Seefeldt argued that Koetting was no longer valid law, after Armstrong v. Milwaukee Mut. Ins. Co., 202 Wis.2d 258, 549 N.W.2d 723 (1996), but the court disagreed.

In Armstrong, the Supreme Court held that a dog owner was not liable for a dog bite to an employee of a kennel, because once the owner relinquished control of the dog to the kennel, the employee became the “keeper” of the dog.

Custody, Care and Control

Distinguishing Armstrong, the Court of Appeals in the case at bar held, “the keeper status ends when the keeper relinquishes not only control, but also shelter or custody — such that the custody, care and control of the dog are all exercised by the owner. It is then that the keeper’s “authority” over the dog is at an end (emphasis in original).”

Because Seefeldt continued to maintain the dog at her home, and never relinquished custody of it, the court concluded that she remained a “keeper” strictly liable for the dog bites.

Judge Brown wrote separately to defend the policy choice to hold homeowners strictly liable for dogs living in their homes.

Brown wrote, “I do not believe the [L]egislature meant to allow the keeper of the dog to avoid strict liability … by pointing a finger at someone else and arguing that at that certain moment in time, even though the dog was still within the perimeter of the owner’s property, he or she had temporarily stopped being the keeper. To allow such a result would be to drown the statute in a sea of minutiae.”

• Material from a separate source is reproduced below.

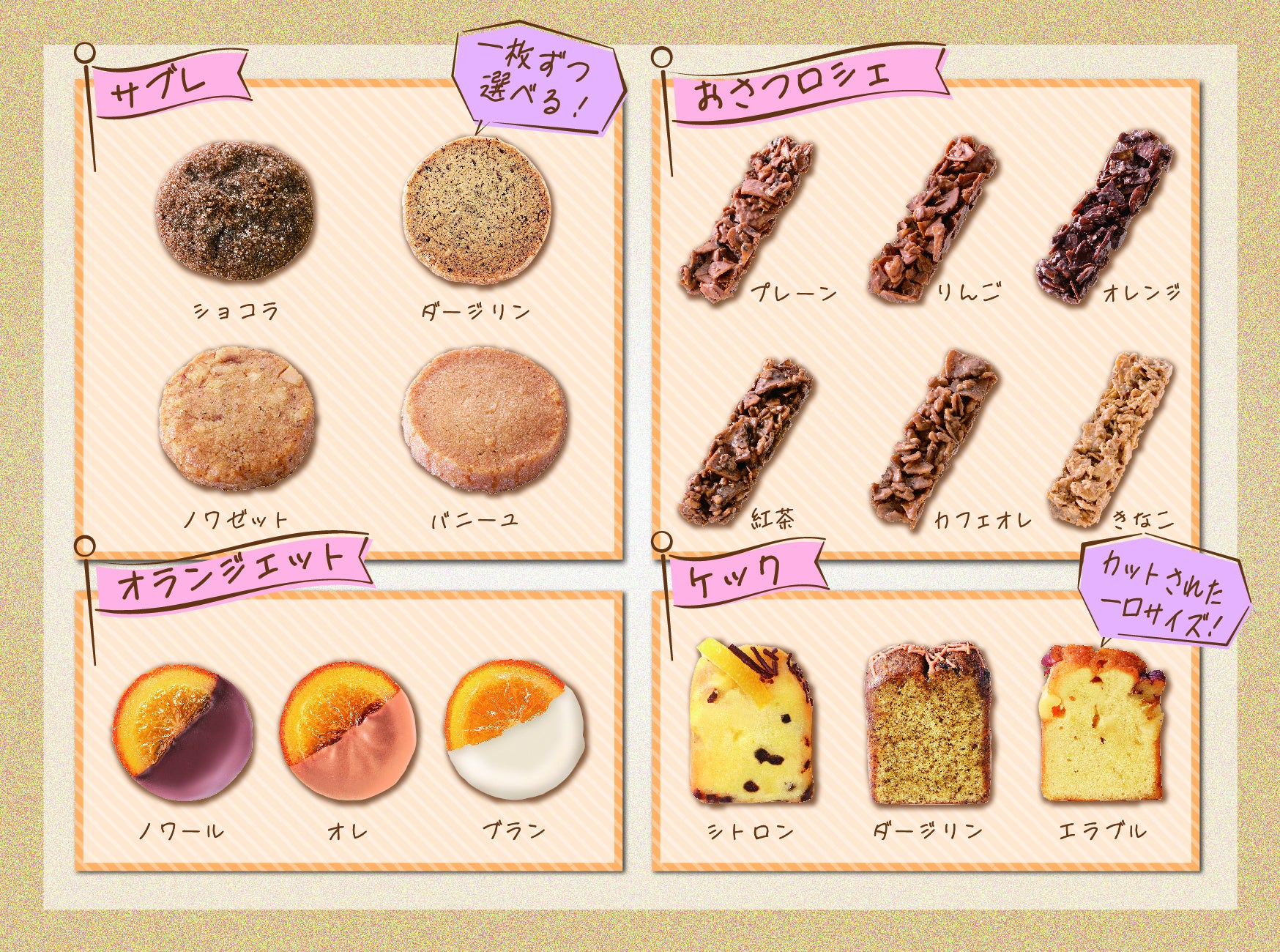 3種のチョコレートでディップされたオランジェット、UHA味覚糖の代表的なスナック「おさつどきっ」を使用したおさつロシェ6種を始め、しっとりとした食感が特徴のケック3種、素材を生かし、食感にもこだわった4種のサブレといった合計16種類のラインナップをご用意しました。中でもケックとサブレは「量り売りマルシェ」限定で小分けした形態で販売。お好きなものをより少しずつ選んでご購入いただけます。

Snyder dissented, concluding that Koetting was inconsistent with an earlier precedent, Janssen v. Voss, 189 Wis. 222, 207 N.W. 279 (1926). Janssen held that a keeper, as opposed to an owner, has only limited authority over the dog, and therefore is liable only if he has actual control over the dog at the time of the accident.

Snyder also criticized Koetting for improperly extending the holding in Hagenau v. Millard, 182 Wis. 544, 195 N.W. 718 (1923). In Hagenau, the dog was owned by the defendant’s child; in Koetting, it was owned by the defendant’s adult daughter.

Snyder maintained that it was incorrect for the Supreme Court to equate the adult daughter in Koetting with the child in Hagenau.

Case Analysis

Even assuming that policy considerations support the decision in this case, whether Koetting remains valid law would be a good issue for review in the Wisconsin Supreme Court.

In this case, the attack began while the dogs were on the homeowner’s property — they ran from the house, across the street, to make the attack.

Under the court’s holding, however, and under Koetting, the homeowner would still be liable for an attack that occurred miles away from the property, while the dog was under the exclusive control of his tenant. In Koetting, the homeowner’s adult daughter was taking the dog for a walk at the time of the attack.

As a policy matter, there is no reason why a property owner should be liable for such attacks, when he does not own the dog, exercises no care for it, and merely permits the dog and its owner to live in his home.

Even Judge Brown’s concurrence, which discusses the policy issues, rather than the case law, emphasizes that “the dog was still within the perimeter of the [home]owner’s property.”

The concurrence also speaks of injury to “neighbors, passers-by and others in proximity.”
Yet, if Koetting is still valid law, these considerations are irrelevant; the homeowner is liable, wherever the attack occurs, despite the absence of any proximity to the homeowner’s property.

Also, there is a certain fallacy in the following statement by the court: “the [homeowner’s] keeper status ends when the keeper relinquishes not only control, but also shelter or custody — such that the custody, care and control of the dog are all exercised by the owner. It is then that the keeper’s ‘authority’ over the dog is at an end.”

On its face, this sentence equates shelter and care.

However, homeowners in the position of Seefeldt do not provide care for their tenants’ dogs (nor custody or control for that matter); they provide shelter, and shelter only.

Thus, the court’s opinion illogically says that, to cease being a keeper under the statute, a homeowner must relinquish powers that he doesn’t have in the first place.